(Beginning of RECORD SET)
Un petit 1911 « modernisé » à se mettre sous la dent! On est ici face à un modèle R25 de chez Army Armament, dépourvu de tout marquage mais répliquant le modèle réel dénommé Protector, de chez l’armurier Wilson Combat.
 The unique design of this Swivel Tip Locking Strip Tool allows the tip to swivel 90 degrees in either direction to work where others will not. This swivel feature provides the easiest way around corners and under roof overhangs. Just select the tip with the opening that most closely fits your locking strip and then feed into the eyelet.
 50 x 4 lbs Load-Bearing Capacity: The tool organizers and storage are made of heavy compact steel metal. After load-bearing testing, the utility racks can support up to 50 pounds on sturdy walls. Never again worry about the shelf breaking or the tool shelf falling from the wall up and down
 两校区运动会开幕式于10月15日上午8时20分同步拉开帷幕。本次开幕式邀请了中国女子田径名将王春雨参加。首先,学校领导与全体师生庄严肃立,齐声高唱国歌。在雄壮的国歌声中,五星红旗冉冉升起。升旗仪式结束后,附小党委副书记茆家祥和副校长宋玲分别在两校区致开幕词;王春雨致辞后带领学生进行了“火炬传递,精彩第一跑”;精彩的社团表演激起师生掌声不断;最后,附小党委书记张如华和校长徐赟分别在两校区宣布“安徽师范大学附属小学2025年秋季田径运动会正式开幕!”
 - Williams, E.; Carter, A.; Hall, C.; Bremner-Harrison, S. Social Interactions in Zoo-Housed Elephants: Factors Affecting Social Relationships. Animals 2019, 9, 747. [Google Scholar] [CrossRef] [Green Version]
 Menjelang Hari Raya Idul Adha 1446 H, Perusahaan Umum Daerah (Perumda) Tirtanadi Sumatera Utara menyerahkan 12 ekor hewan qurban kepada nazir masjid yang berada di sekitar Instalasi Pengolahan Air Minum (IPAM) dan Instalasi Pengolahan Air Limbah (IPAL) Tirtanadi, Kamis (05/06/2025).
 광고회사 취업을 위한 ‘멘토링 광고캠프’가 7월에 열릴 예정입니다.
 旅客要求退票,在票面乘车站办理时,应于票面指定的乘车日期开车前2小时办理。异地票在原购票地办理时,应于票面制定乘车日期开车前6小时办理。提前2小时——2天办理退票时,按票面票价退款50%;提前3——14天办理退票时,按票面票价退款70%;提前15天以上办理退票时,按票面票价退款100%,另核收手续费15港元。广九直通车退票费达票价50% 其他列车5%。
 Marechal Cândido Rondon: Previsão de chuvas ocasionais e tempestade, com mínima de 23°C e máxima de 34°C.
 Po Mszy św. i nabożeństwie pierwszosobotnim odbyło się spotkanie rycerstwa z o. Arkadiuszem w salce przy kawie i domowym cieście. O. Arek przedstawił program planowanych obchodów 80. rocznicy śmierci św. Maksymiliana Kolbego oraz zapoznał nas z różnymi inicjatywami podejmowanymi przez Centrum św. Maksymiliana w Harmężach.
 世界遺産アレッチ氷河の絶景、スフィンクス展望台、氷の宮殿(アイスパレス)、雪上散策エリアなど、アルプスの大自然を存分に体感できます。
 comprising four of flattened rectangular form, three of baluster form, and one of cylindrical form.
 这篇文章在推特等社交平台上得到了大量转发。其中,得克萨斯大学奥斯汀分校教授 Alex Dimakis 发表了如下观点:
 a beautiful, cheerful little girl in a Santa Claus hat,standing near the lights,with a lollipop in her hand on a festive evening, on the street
(End of RECORD SET)
EXERCISE AIM
Write out exactly the lines that run from the one containing "comprising four of" to the end of the records, both end lines included.

RESPONSE TO THIS EXERCISE
 comprising four of flattened rectangular form, three of baluster form, and one of cylindrical form.
 这篇文章在推特等社交平台上得到了大量转发。其中,得克萨斯大学奥斯汀分校教授 Alex Dimakis 发表了如下观点:
 a beautiful, cheerful little girl in a Santa Claus hat,standing near the lights,with a lollipop in her hand on a festive evening, on the street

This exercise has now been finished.